At Circular Quay, just across the water from where unwanted white men and women fixed the city with unsavoury origins 205 years ago, the people rejoiced at being wanted by the world.
At 4.20 am, with the black harbour floating in air and the city sprinkled on the surface north and south, the International Olympic Committee on the other side of the Earth announced that Sydney would host the Olympic Games of 2000.
This city of such a grim past would splash itself across the future at the beginnings of the new millennium. For a few minutes on the morning of this September night fireworks splashed across the harbour, lighting up the dark edges of the city.
The people at the Quay, at Homebush where much of the sport will take place, and in other parts of Sydney, celebrated with boisterous, unashamed hedonism, with exuberance and blithe spirits.
Theirs had been the longest night. They had waited for Juan Antonio Samaranch’s statement with butterflies or bemusement.

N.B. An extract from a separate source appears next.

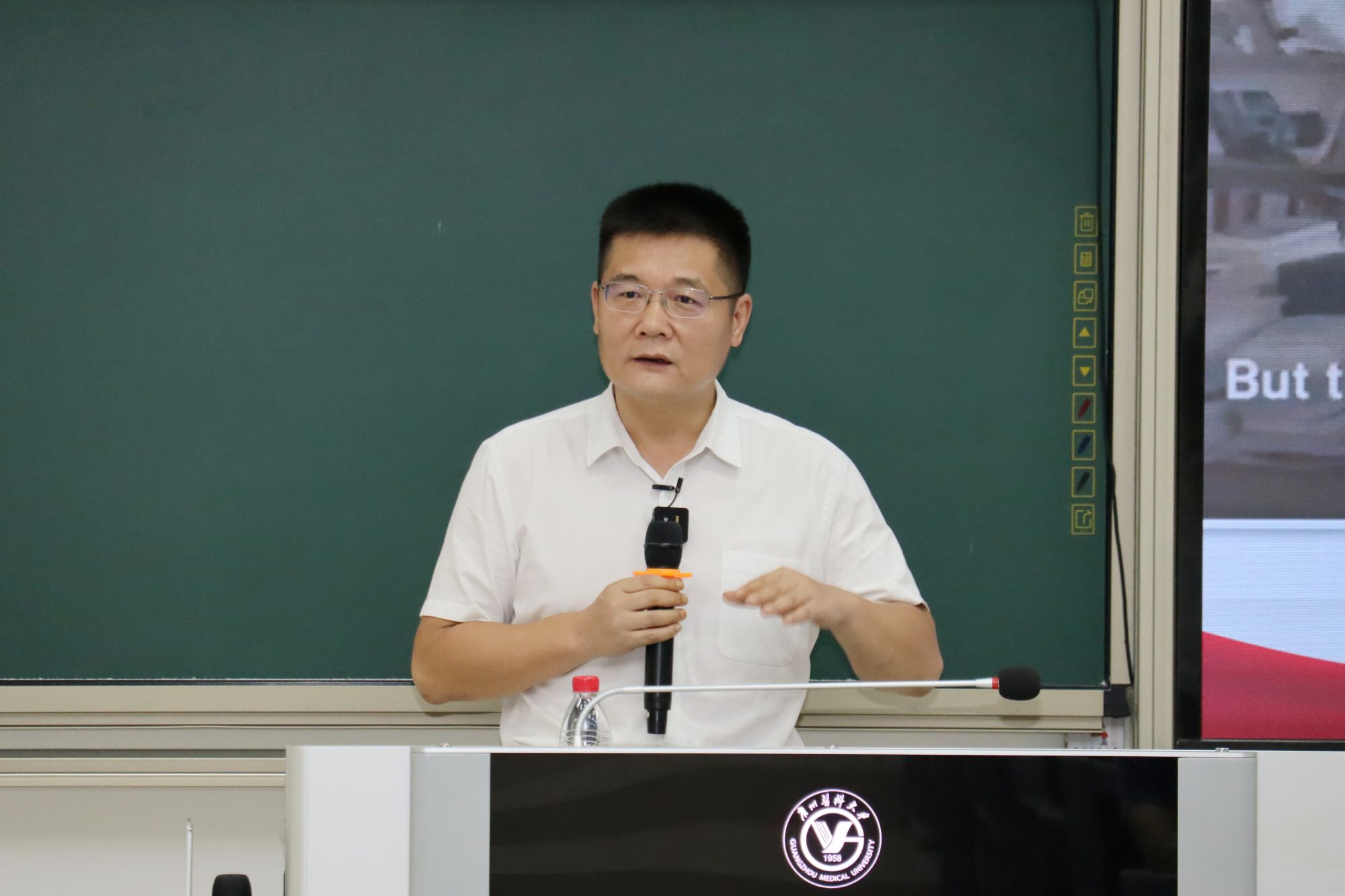 在题为“深入学习贯彻党的二十届三中全会精神 勇担新征程改革创新使命”的思政课上,学校党委书记唐小平教授为同学们介绍了党的二十届三中全会审议通过的《中共中央关于进一步全面深化改革、推进中国式现代化的决定》,详细阐述了落实科技人才战略的广医历史实践,分享了新征程中广医的改革创新之路,并号召广医青年勇担使命,为推进健康中国建设和中国式现代化建设贡献青春力量。

Most would go to work after the party, some from offices where they slept briefly, others from house parties or pubs and clubs that stayed open most of the night.
They would join more phlegmatic Australians who are wary of noisy displays of nationalism and know that the Games cannot solve the nation’s problems. Too many in these tough times had already touched fool’s gold.
The full reckoning will come later, in the seven-year-long run-up to the Games and after, when Australians discover what the fame has done to their city.
Can the Games restore confidence to the nation? Only Los Angeles, where the Games were held in 1984, appears to have been overwhelmingly satisfied with its Olympics. Only Los Angeles has made a clear profit.
Yet the people, or their leaders, had made a choice to pursue this international festival of sport and commerce. They had chosen to bid for the biggest circus on the Earth, hoping the circus would bring its own bread.
They had run a hard race. They had won.
Baron Pierre de Coubertin, who revived the Olympic Games in 1894, said: “The most important thing in the Olympic Games is not winning but taking part… the essential thing in life is not conquering but fighting well.”
To Sydney’s celebrators this morning winning was the important thing. Yet it was impossible to deny them their happiness.
At the Quay, before the dawn, doubt was cast in the wake of the ferries and pleasure craft that slid by the Opera House, its sails neon-lit with Olympic colours.
Arthur Phillip, this town’s first governor, had written on arriving here in 1788: “Here all regret from former disappointments was at once obliterated; and Governor Phillip had the satisfaction to find one of the finest harbours in the world, in which a thousand sail on the line might ride in perfect security.”
Phillip had led one bright, gambling adventure here, hoping for great things and fearing the worst. What would he think of this reckless 1993 morning?
Surely the ghost of Bennelong, the Aboriginal after whom the point where the Opera House stands is named, was stirred today. The ghost of the seventh Earl of Shaftesbury might have been moved, too. Lord Shaftesbury wrote in 1851: “Sydney is not a place to which members of our families could be safely sent.”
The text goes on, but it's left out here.